On ne saurait mieux dire. Mais, selon votre rapporteur spécial, on pourrait sans doute mieux faire. La stratégie paraît difficilement contestable, tout comme les objectifs intermédiaires. Mais se donne-t-on les moyens d'une telle politique ? Certes M. Hubert Védrine, ministre des affaires étrangères, peut défendre son bilan : « Avec mon soutien, Jean Stock a créé TV5 Monde et simplifié les structures de TV5. Depuis le 1er août, deux nouveaux signaux vers les États-Unis et l'Amérique latine s'ajoutent aux cinq existants. Maintenant, il faut poursuivre l'enrichissement de la programmation. Des moyens importants, 25 MF, ont été dégagés à cette fin dans le budget du ministère des Affaires étrangères pour 2002. Pour RFI, un contrat d'objectifs et de moyens sera prochainement signé avec l'État pour la période 2002-2006. RFI doit réussir la numérisation et renforcer sa présence dans des régions stratégiques, mais poursuivre aussi ses efforts de rationalisation.

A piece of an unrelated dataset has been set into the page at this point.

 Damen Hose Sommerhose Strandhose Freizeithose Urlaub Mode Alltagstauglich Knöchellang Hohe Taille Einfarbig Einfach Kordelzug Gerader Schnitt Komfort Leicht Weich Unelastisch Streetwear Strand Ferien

Par ailleurs, réfléchir à une télévision en partenariat avec un pays arabe, à destination du public arabophone ou imaginer une chaîne de divertissement d'abord destinée à la jeunesse sont effectivement des orientations stratégiques avancées par le ministre qui méritent d'être étudiées.

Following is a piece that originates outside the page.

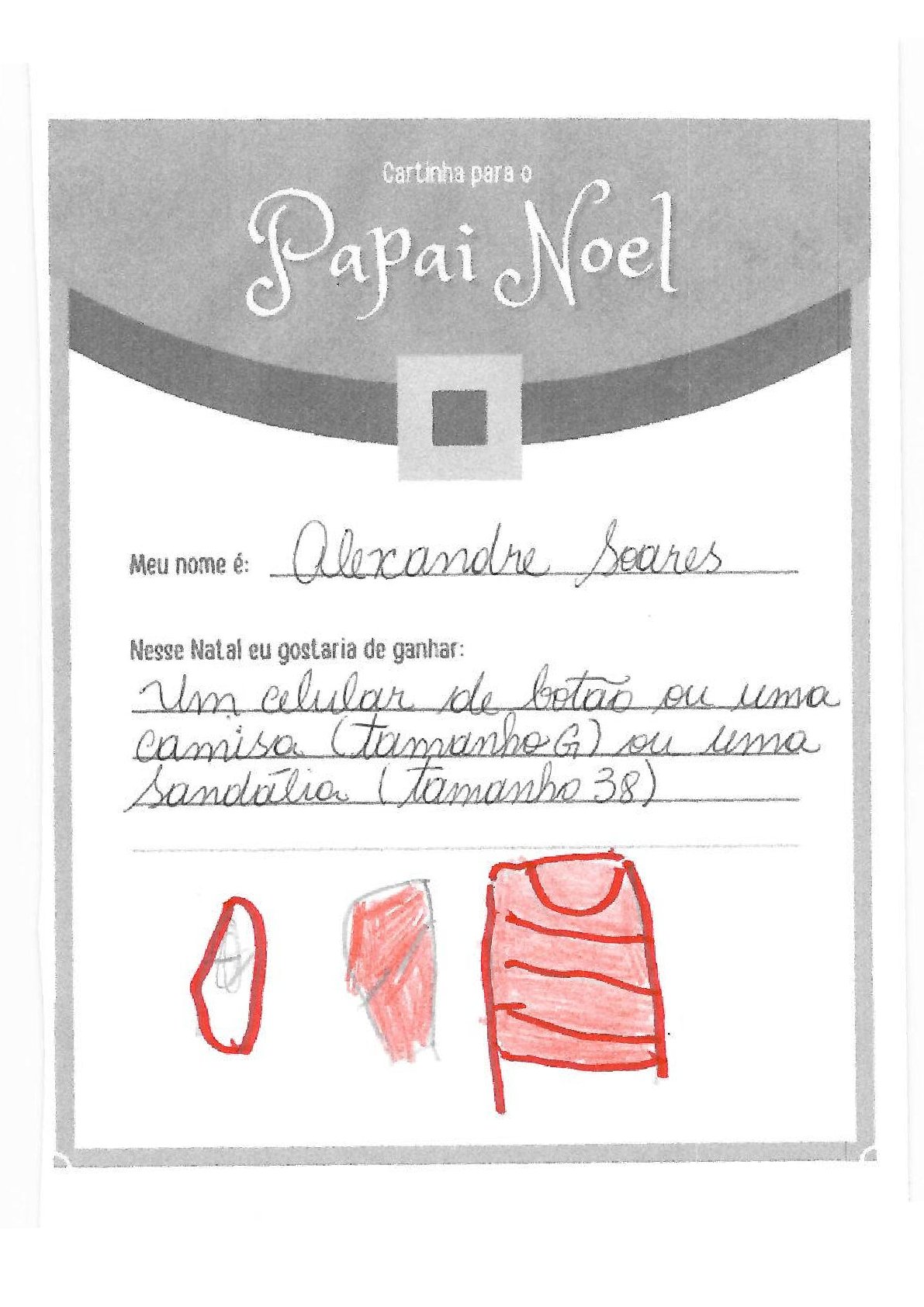 Igor Santana, “Quer lápis de cor + giz de cera + caderno de desenho!”

En revanche, l'objectif affiché consistant à développer les « synergies possibles entre les différents opérateurs, nationaux et à vocation internationale, mettre à profit les possibilités nouvelles des chaînes numériques, par exemple la future chaîne d'information de France Télévision », ne paraît guère avancé dans la mesure ou, semble-t-il France télévision a tendance à vouloir placer France télévision sur des bouquets de chaînes publiques. Cette volonté n'est pas forcément illégitime mais devrait être englobée dans une stratégie d'ensemble.

En dernier lieu, la façon dont s'est effectué le remplacement de Jean Stock 7( * ) à la tête de TV5, a donné lieu à quelques tiraillements entre la France et ses partenaires francophones, manifestement irrités par le fait qu'on ne leur ait pas laissé le choix . A ces grincement externes se sont ajoutés des frottements internes : Serge Adda de Canal + horizons, le candidat finalement choisi n'était pas celui de France télévision actionnaire muet de TV5 et sans doute quelque peu frustré de ne pouvoir resserrer ses liens avec sa filiale théorique.

Bien que sachant que BBC WorldWide bénéficie d'un budget de 760 M€ plus de trois fois supérieur à celui que la France consacre à l'audiovisuel extérieur (234,4 M€), votre rapporteur spécial estime qu'il conviendrait au préalable de développer les synergies entre tous les acteurs de l'audiovisuel extérieur, ce qui lui semble loin d'être le cas tant au niveau national que sur le terrain à l'étranger.